Now let’s talk about what makes the Markov assumption so important. For that, we’ll use the Travelling Salesman Problem. No, the Travelling International Salesman Problem. Still too messy. Let’s try the “Travelling International Salesman with a Single-Entry Visa Problem”. But we’ll go through all three of them briefly:
Travelling Salesman Problem
A salesman has to visit potential buyers in N cities. Plan an itinerary for the salesman which minimizes the total cost of visiting all N cities (variations: at least once / exactly once), given a matrix aj,k which is the cost of travel from city j to city k.
Another variation is whether the starting city is predetermined or not.
Travelling International Salesman Problem
The cities the salesman needs to visit are split between two (or more) nations. A subset of the cities have border crossings and have travel options to all cities. The other cities can only reach cities which are either in the same country or are border-equipped.

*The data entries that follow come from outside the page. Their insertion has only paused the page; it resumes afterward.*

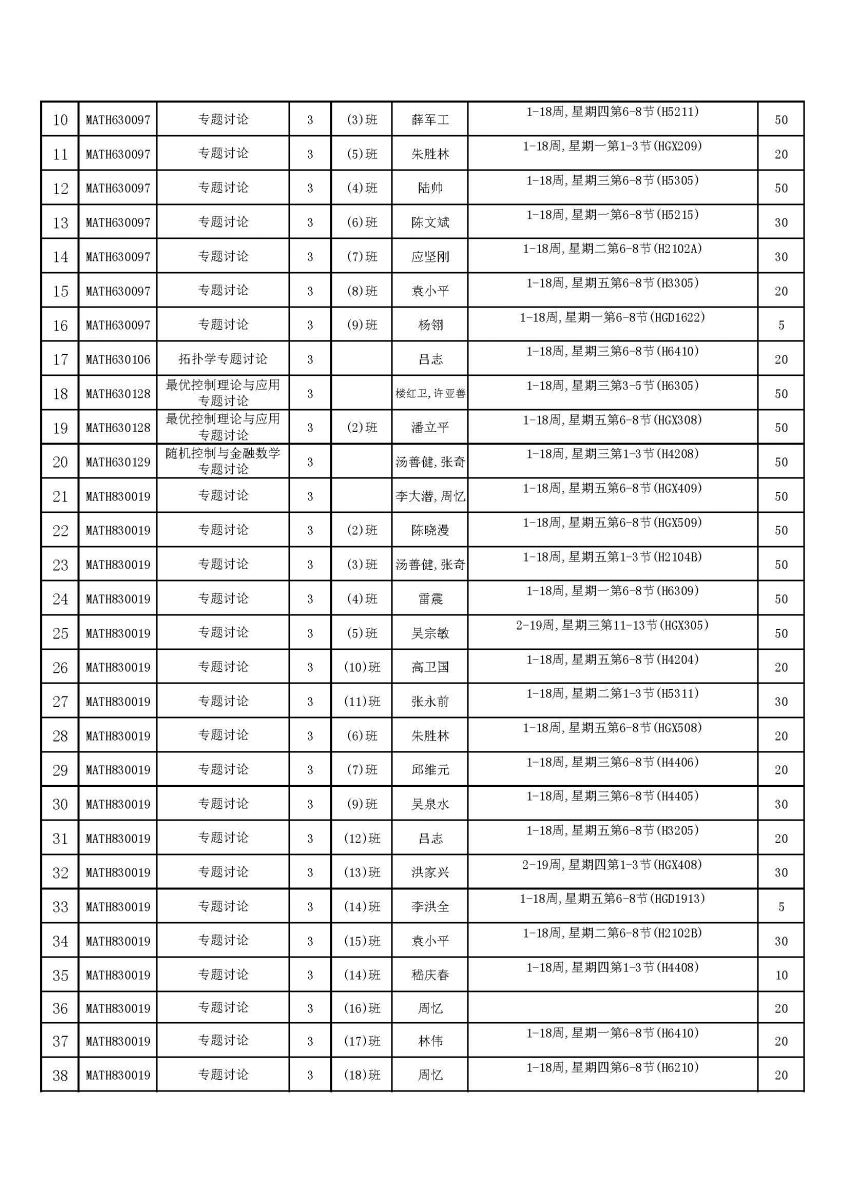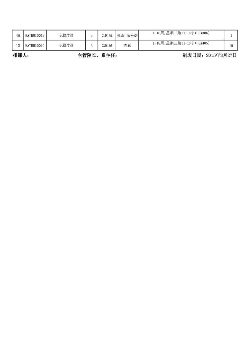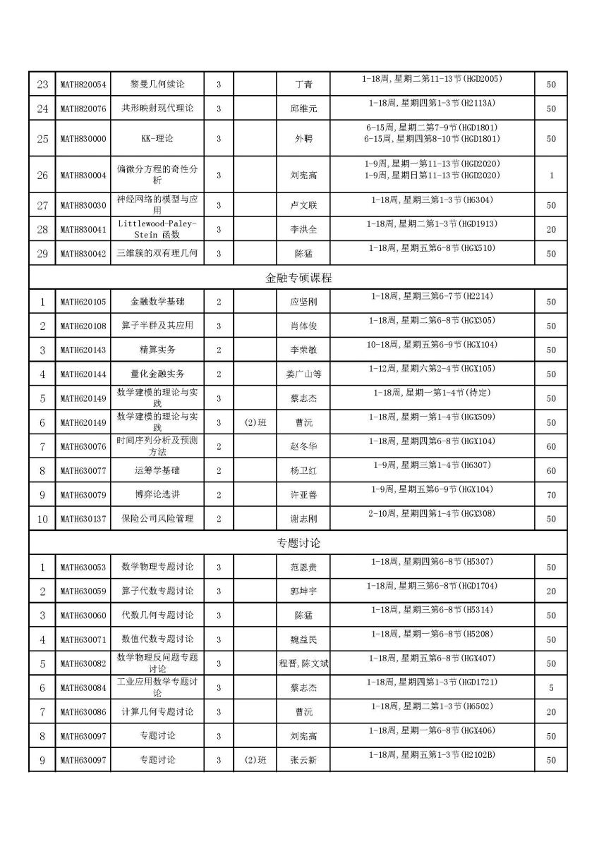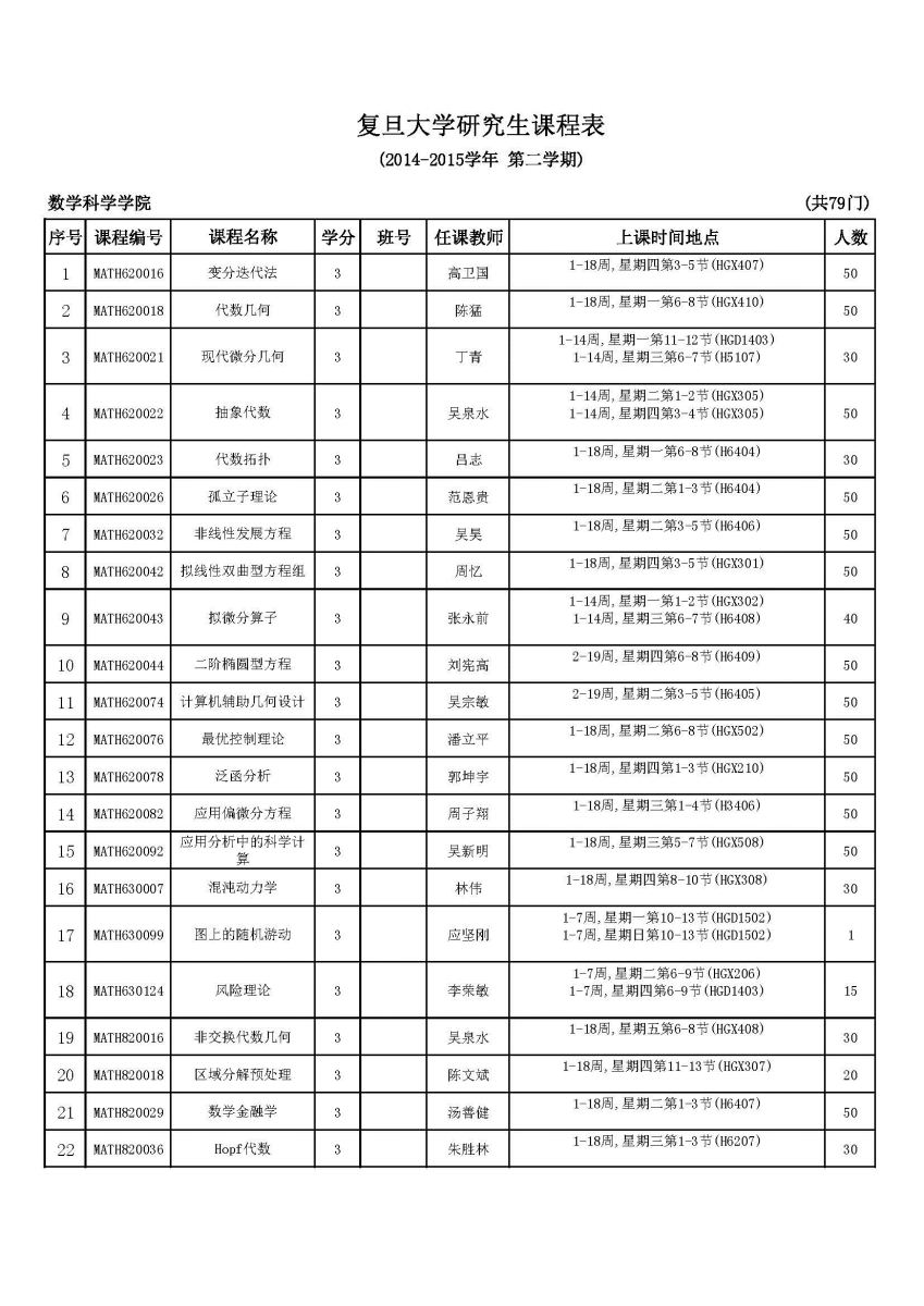 2014-2015第二学期复旦大学数学科学学院研究生课程表
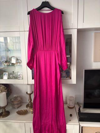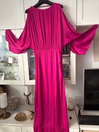Elegante vestido largo de color fucsia, con un diseño especial. - Corte midi. - Mangas acampanadas y escote espalda. Comprado para una boda y finalmente no utilizado.
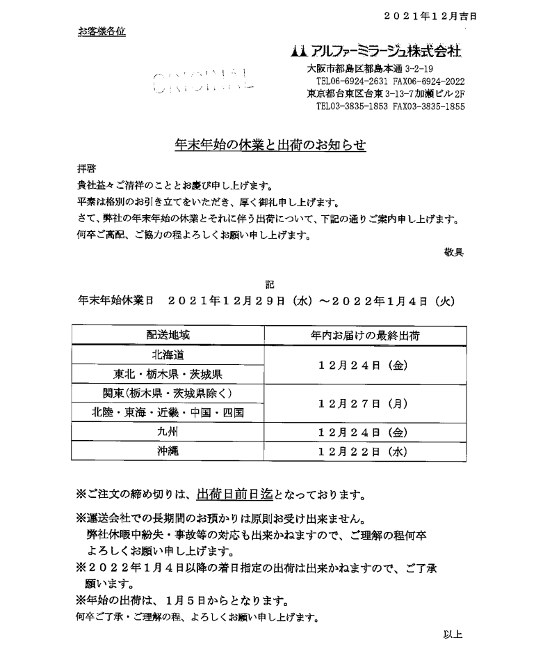 【回覧】年末年始の休業と出荷のお知らせ(アルファミラージュ株式会社)
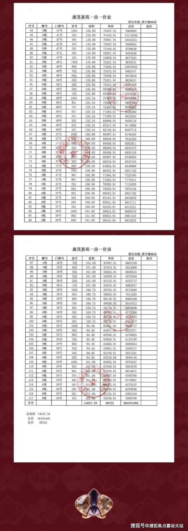 前期一房一价表:
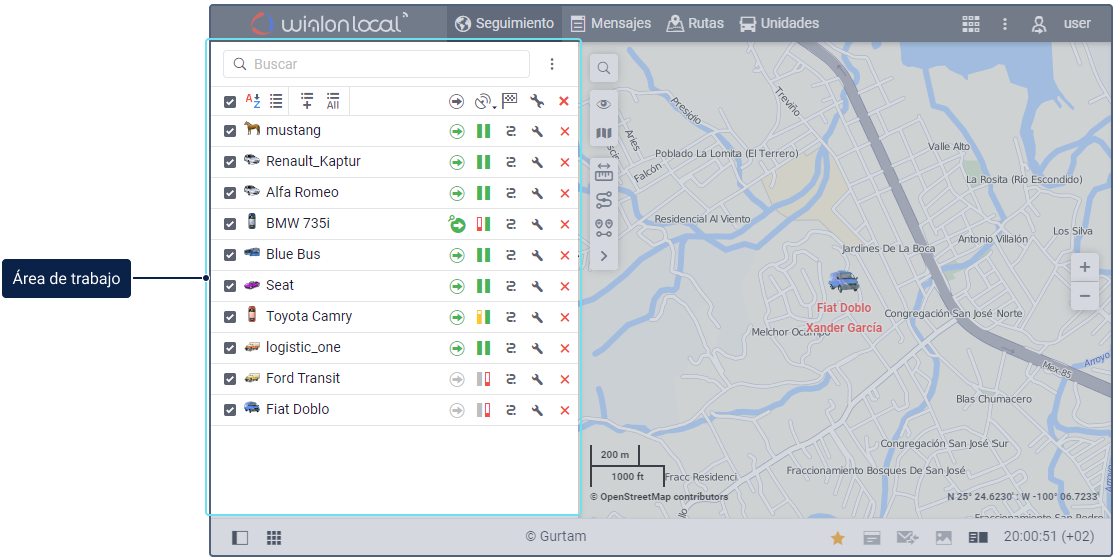 En el área de trabajo, se puede realizar diferentes acciones con los objetos del sistema. El contenido del área depende de la pestaña seleccionada en el menú principal.
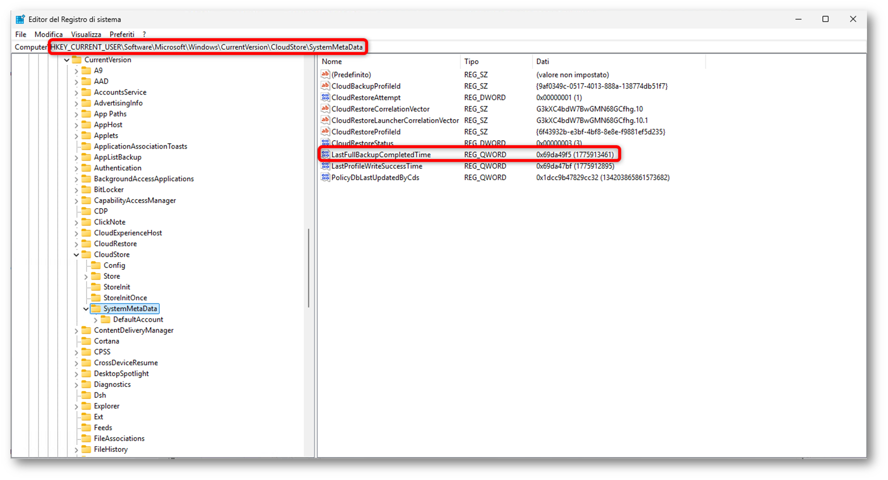 Tra i controlli che, nei miei test di laboratorio, si sono rivelati utili lato client, c’è anche il registro di sistema. Quando la policy viene recepita correttamente dal dispositivo e il task Backup entra in esecuzione, è possibile osservare la presenza di informazioni sotto il percorso HKEY_CURRENT_USER\Software\Microsoft\Windows\CurrentVersion\CloudStore. Nell’immagine che segue, ad esempio, vediamo il valore LastFullBackupCompletedTime al percorso HKEY_CURRENT_USER\Software\Microsoft\Windows\CurrentVersion\CloudStore\SystemMetaData. Questo riscontro, nei test, si è rivelato utile per verificare se sul profilo utente esiste traccia di un backup completato.
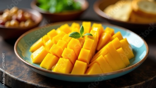 Ripe mango cut into cubes and served on a plate, ready to be enjoyed.Freshly cut mango slices decorated with mint on a plate
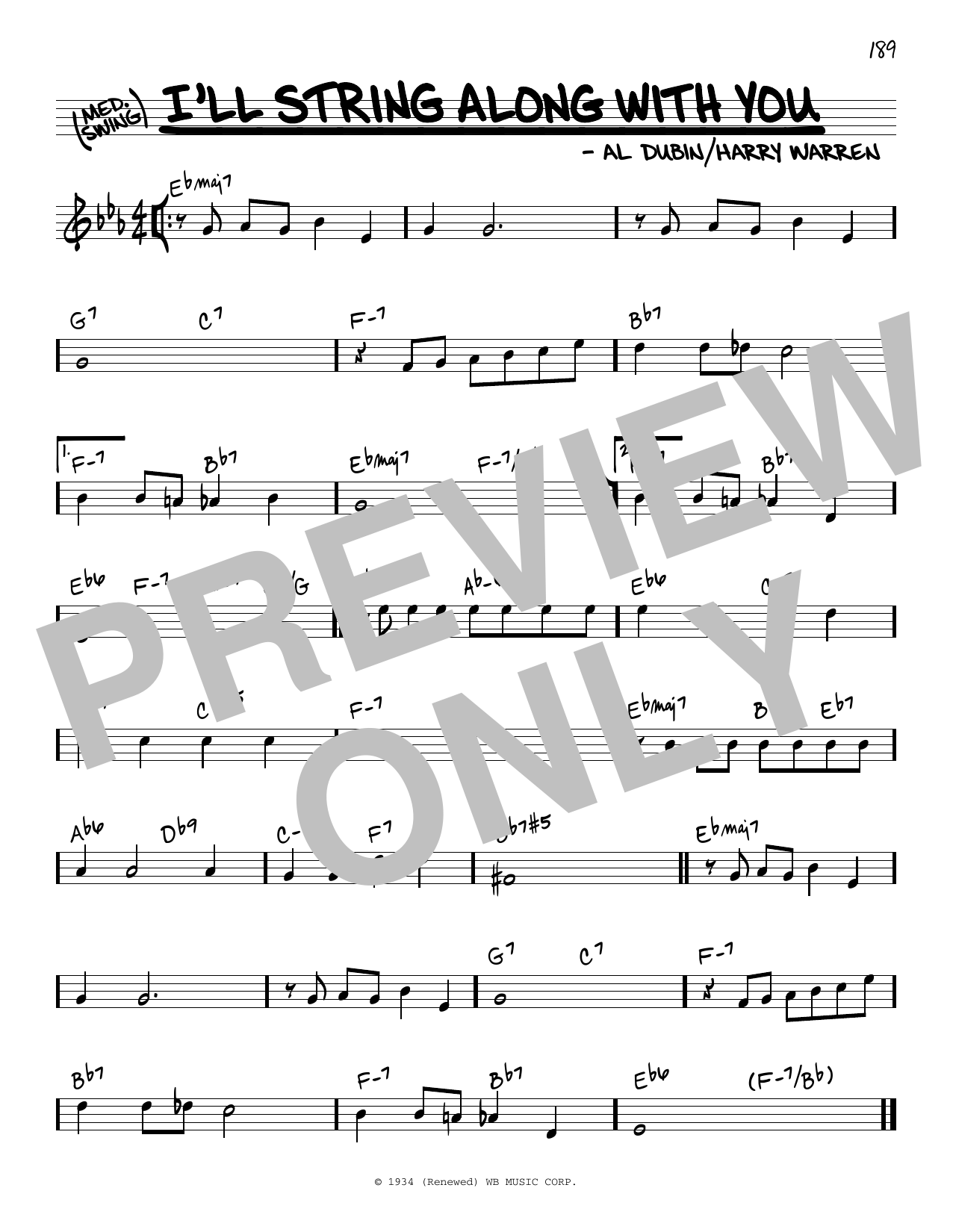 Download or print Harry Warren and Al Dubin I'll String Along With You sheet music, chords and digital score arranged for Real Book – Melody & Chords. This Jazz score includes 1 page(s).
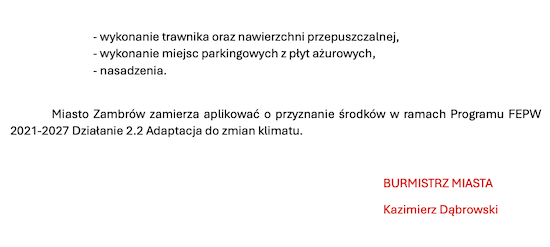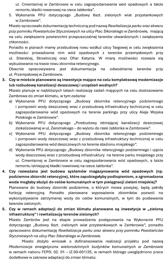 Miasto obecnie prowadzi postępowania pod nazwą Opracowanie Programów Funkcjonalno Użytkowych w celu dostosowania Zambrowa do zmian klimatu. W ramach PFU zostaną opracowane mają być budowy zbiorników retencyjnych podziemnych i pompowni wody deszczowej wraz z przebudową infrastruktury technicznej w celu zagospodarowania wód opadowych na terenie parkingu przy alei Wojska Polskiego w Zambrowie, na terenie stadionu miejskiego, parku miejskiego przy ul. Cmentarnej w Zambrowie, a także przebudowa istniejącej kanalizacji deszczowej przy ul. Żeromskiego – do wylotu do rzeki Jabłonki oraz wykonanie PFU dotyczącego budowy 6 szt. zielonych wiat przystankowych w Zambrowie.
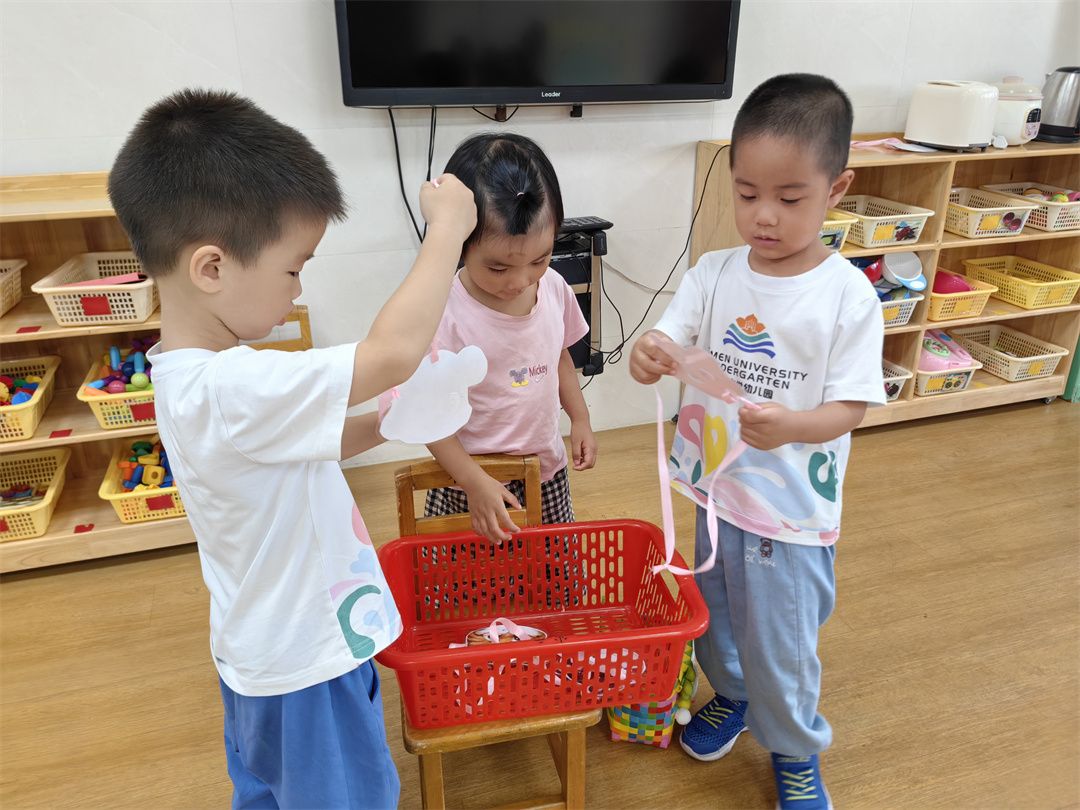 小朋友们开始忙碌起来,你帮我我帮你,装扮好自己想要扮演的角色,迫不及待地想要表演啦!
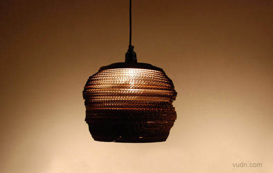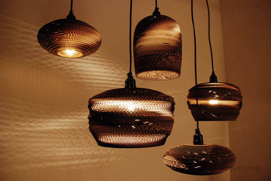 Graypants的设计理念是可持续性重复利用。他们的最新作品Scrap系列吊灯采用旧的产品里的带有皱褶的硬纸板做材料,造成了一种波纹形半透明的光影效果。
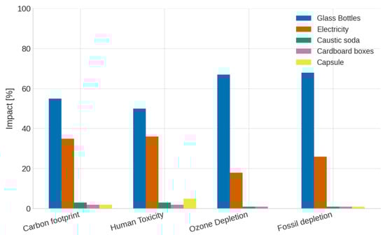 As in the vineyard phase, the following two inputs are present in all impact categories and have a significant weight in each of them: glass bottles and electricity consumed in the winery (see Figure 5). This is not a particular finding of this research; it is consistent with various studies where bottles are identified as one of the main contributors to environmental impacts due to the high electricity consumption required for their production [31,37,39,40,42,43].

Alternatively, instead of cities along the border, use cities with international airports. Won’t make a difference in the end.
The cost matrix for this problem looks rather like the flag of the Dominican Republic. Travel between interior cities of country A is permitted, as is travel between interior cities of country B (blue fields). Border cities connect with interior and border cities in both countries (white cross). And direct travel between an interior city of country A and one of country B is impossible (red areas).
Travelling International Salesman with a Single-Entry Visa
Now not only does the salesman need to visit cities in both countries, but he can only cross the border once.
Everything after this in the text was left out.